Apache Spark&trade; allows for the creation of robust job failure strategies

## In this lesson you:
* Use antijoins to ensure that duplicate records are not loaded into your target database
* Design a job failure monitoring strategy using job ID's
* Evaluate job failure recovery strategies for idempotence 


### Idempotent Failure Recovery

Jobs can fail for any number of reasons.  The majority of job failures are caused by input/output (I/O) problems but other issues include schema evolution, data corruption, and hardware failures.  Recovery from job failure should be guided by the principle of *idempotence, or the property of operations whereby the operation can be applied multiple times without changing the results beyond the first application.*

More technically, the definition of idempotence is as follows where a function `f` applied to `x` is equal to that function applied to `x` two or more times:

&nbsp;&nbsp;&nbsp;&nbsp;`f(x) = f(f(x)) = f(f(f(x))) = ...`

In ETL job recovery, we need to be able to run a job multiple times and get our data into our target database without duplicates.  This can be accomplished in a few ways:<br><br>

* A **left antijoin** of new data on data already in a database will give you only the data that was not inserted
* Overwriting all data is a resource-intensive way to ensure that all data was written
* The transactionality of databases enable all-or-nothing database writes where failure of any part of the job will not result in any committed data
* Leveraging primary keys in a database will only write data where the primary key is not already present or upsert the data

Run the following cell to create the lab environment:

In [1]:
#MODE = "LOCAL"
MODE = "CLUSTER"

import sys
from pyspark.sql import SparkSession
from pyspark import SparkConf
import os
from pyspark.sql import SparkSession
from pyspark.sql import Row
from pyspark import SparkConf
from pyspark.sql.types import *
from pyspark.sql import functions as F
from pyspark.storagelevel import StorageLevel
from matplotlib import interactive
interactive(True)
import matplotlib.pyplot as plt
%matplotlib inline
import json
import math
import numbers
import numpy as np
import plotly
import uuid
import time
plotly.offline.init_notebook_mode(connected=True)

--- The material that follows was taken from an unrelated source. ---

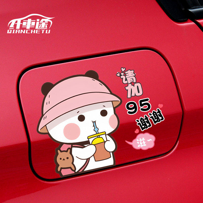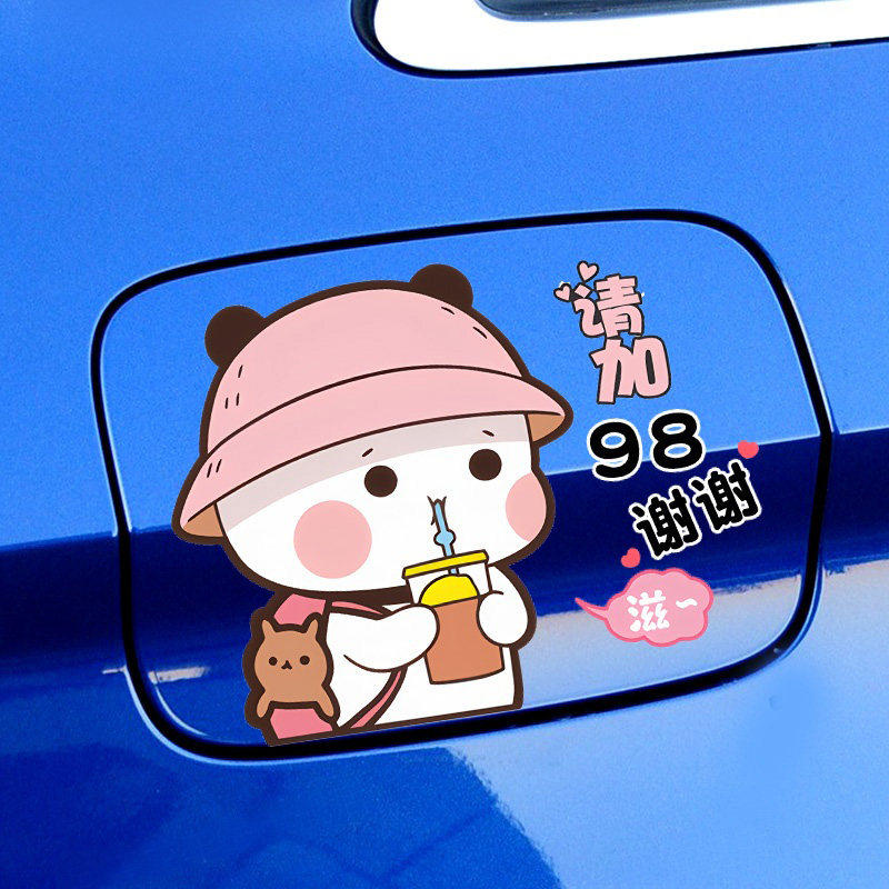 📚 汽车贴纸油箱盖车贴个性创意可爱一二布布加92加95加油遮挡标号贴

sys.path.insert(0,'../../src')
from settings import *

try:
    fh = open('../../libs/pyspark24_py36.zip', 'r')
except FileNotFoundError:
    !aws s3 cp s3://devops.intellinum.co/bins/pyspark24_py36.zip ../../libs/pyspark24_py36.zip

try:
    spark.stop()
    print("Stopped a SparkSession")
except Exception as e:
    print("No existing SparkSession detected")
    print("Creating a new SparkSession")

SPARK_DRIVER_MEMORY= "1G"
SPARK_DRIVER_CORE = "1"
SPARK_EXECUTOR_MEMORY= "1G"
SPARK_EXECUTOR_CORE = "1"
SPARK_EXECUTOR_INSTANCES = 12



conf = None
if MODE == "LOCAL":
    os.environ["PYSPARK_PYTHON"] = "/home/yuan/anaconda3/envs/pyspark24_py36/bin/python"
    conf = SparkConf().\
            setAppName("pyspark_etl_13-failure-recovery").\
            setMaster('local[*]').\
            set('spark.driver.maxResultSize', '0').\
            set('spark.jars', '../../libs/mysql-connector-java-5.1.45-bin.jar').\
            set('spark.jars.packages','net.java.dev.jets3t:jets3t:0.9.0,com.google.guava:guava:16.0.1')
else:
    os.environ["PYSPARK_PYTHON"] = "./MN/pyspark24_py36/bin/python"
    conf = SparkConf().\
            setAppName("pyspark_etl_13-failure-recovery").\
            setMaster('yarn-client').\
            set('spark.executor.cores', SPARK_EXECUTOR_CORE).\
            set('spark.executor.memory', SPARK_EXECUTOR_MEMORY).\
            set('spark.driver.cores', SPARK_DRIVER_CORE).\
            set('spark.driver.memory', SPARK_DRIVER_MEMORY).\
            set("spark.executor.instances", SPARK_EXECUTOR_INSTANCES).\
            set('spark.sql.files.ignoreCorruptFiles', 'true').\
            set('spark.yarn.dist.archives', '../../libs/pyspark24_py36.zip#MN').\
            set('spark.driver.maxResultSize', '0').\
            set('spark.jars.packages','io.delta:delta-core_2.11:0.2.0,org.apache.spark:spark-streaming-kafka-0-10_2.11:2.4.2,org.apache.spark:spark-sql-kafka-0-10_2.11:2.4.2,net.java.dev.jets3t:jets3t:0.9.0,com.google.guava:guava:16.0.1'). \
            set('spark.driver.maxResultSize', '0').\
            set('spark.jars', 's3://devops.intellinum.co/bins/mysql-connector-java-5.1.45-bin.jar')
        

spark = SparkSession.builder.\
    config(conf=conf).\
    getOrCreate()


sc = spark.sparkContext

sc.addPyFile('../../src/settings.py')

sc=spark.sparkContext
hadoop_conf = sc._jsc.hadoopConfiguration()
hadoop_conf.set("fs.s3.impl", "org.apache.hadoop.fs.s3a.S3AFileSystem")
hadoop_conf.set("mapreduce.fileoutputcommitter.algorithm.version", "2")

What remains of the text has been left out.